The team behind Cow Swap assures that no funds were compromised.
Vitalik Buterin used CoW Swap in February to sell ETH for $21.74 million.
CoW Swap, a popular decentralized exchange on the Ethereum network, suffered this Tuesday, April 14, an attack known as DNS hijacking. In simple terms: someone took control of the swap.cow.fi domain and redirected it to a fake site, with the aim of deceiving users trying to trade.
The alert was released by CoW DAO, the organization behind the protocol, at 11:41 am UTC, asking everyone to refrain from using the platform while it was being investigated.
About 90 minutes later, at 14:54 UTC, CoW DAO confirmed the type of attack and clarified that the protocol itself, that is, The infrastructure and APIs that process the operations were not compromised.. Even so, they decided to pause them preventively. The team reported that it was actively working to regain control of the situation and would notify when it was safe to operate again.
CoW Swap is a decentralized exchange aggregator that is based on obtain best price available for each operation between multiple platforms decentralized.
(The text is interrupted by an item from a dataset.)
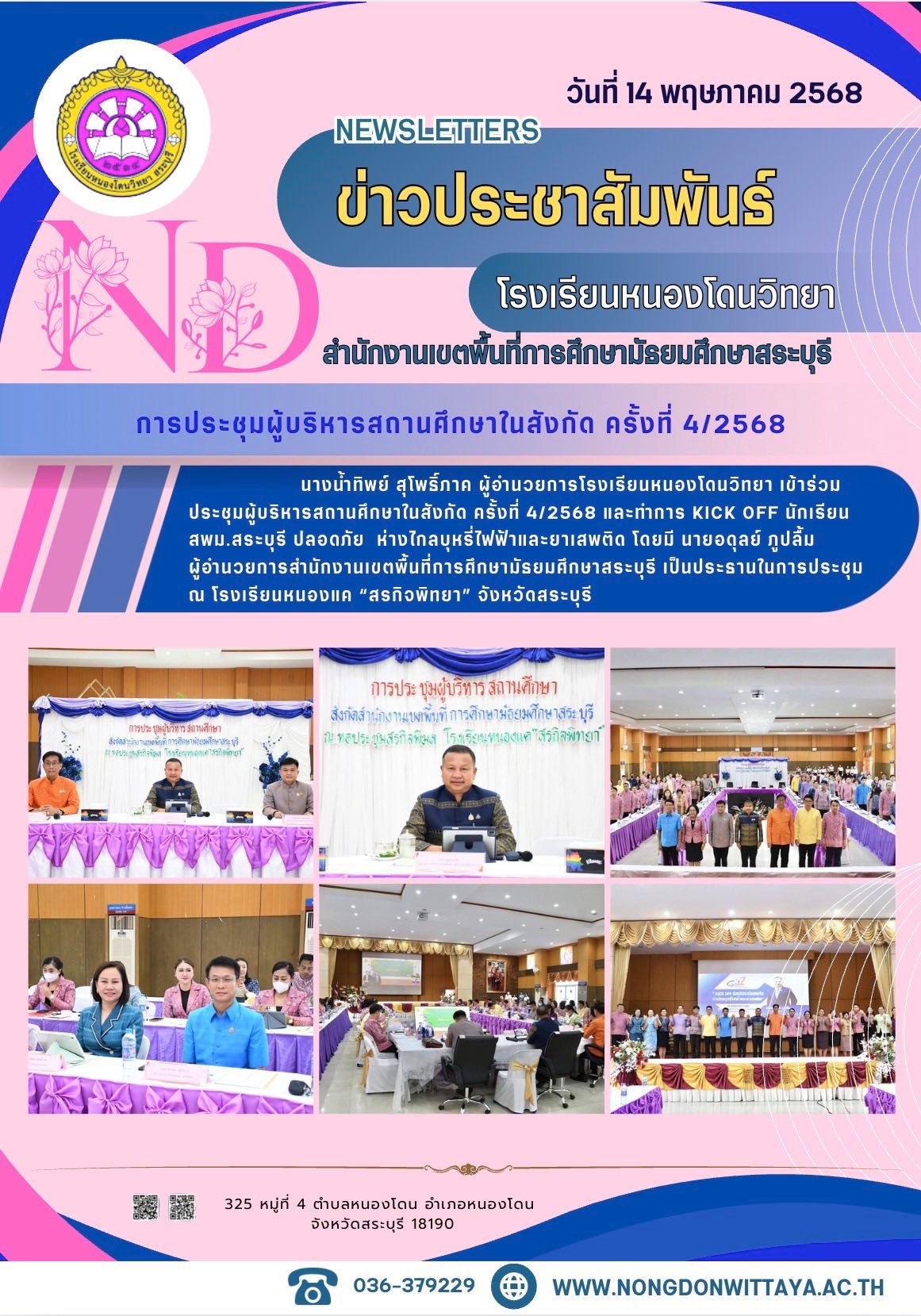 วันที่ 14 พฤษภาคม 2568 นางน้ำทิพย์ สุโพธิ์ภาค ผู้อำนวยการโรงเรียนหนองโดนวิทยา เข้าร่วมประชุมผู้บริหารสถานศึกษาในสังกัด ครั้งที่ 4/2568 และทำการ KICK OFF นักเรียน สพม.สระบุรี ปลอดภัย ห่างไกลบุหรี่ไฟฟ้าและยาเสพติด โดยมี นายอดุลย์ ภูปลื้ม ผู้อำนวยการสำนักงาน

Since its launch in 2021, it has processed more than $33 billion in volume and ranks among the top ten DEXs with the most monthly activity.
Impact on external integrations
The incident also reached other protocols. Aave, one of the largest decentralized lending platforms in the ecosystem, reported that the CoW Swap team preventively disabled connection points for external integrators. Given this, Aave redirected swaps from its interface to ParaSwapanother DEX aggregator, so that its users would not be interrupted.
The incident takes on additional relevance given that CoW Swap is the platform that Vitalik Buterin, co-founder of Ethereum, used in February of this year to sell 10,723 ETH, equivalent to 21.74 million dollars, exchanging them for the stablecoins GHO and PayPal USD (PYUSD), as reported by CriptoNoticias.
At the time of writing, CoW DAO was continuing to work to restore service. No losses of user funds were reported, although the investigation was ongoing.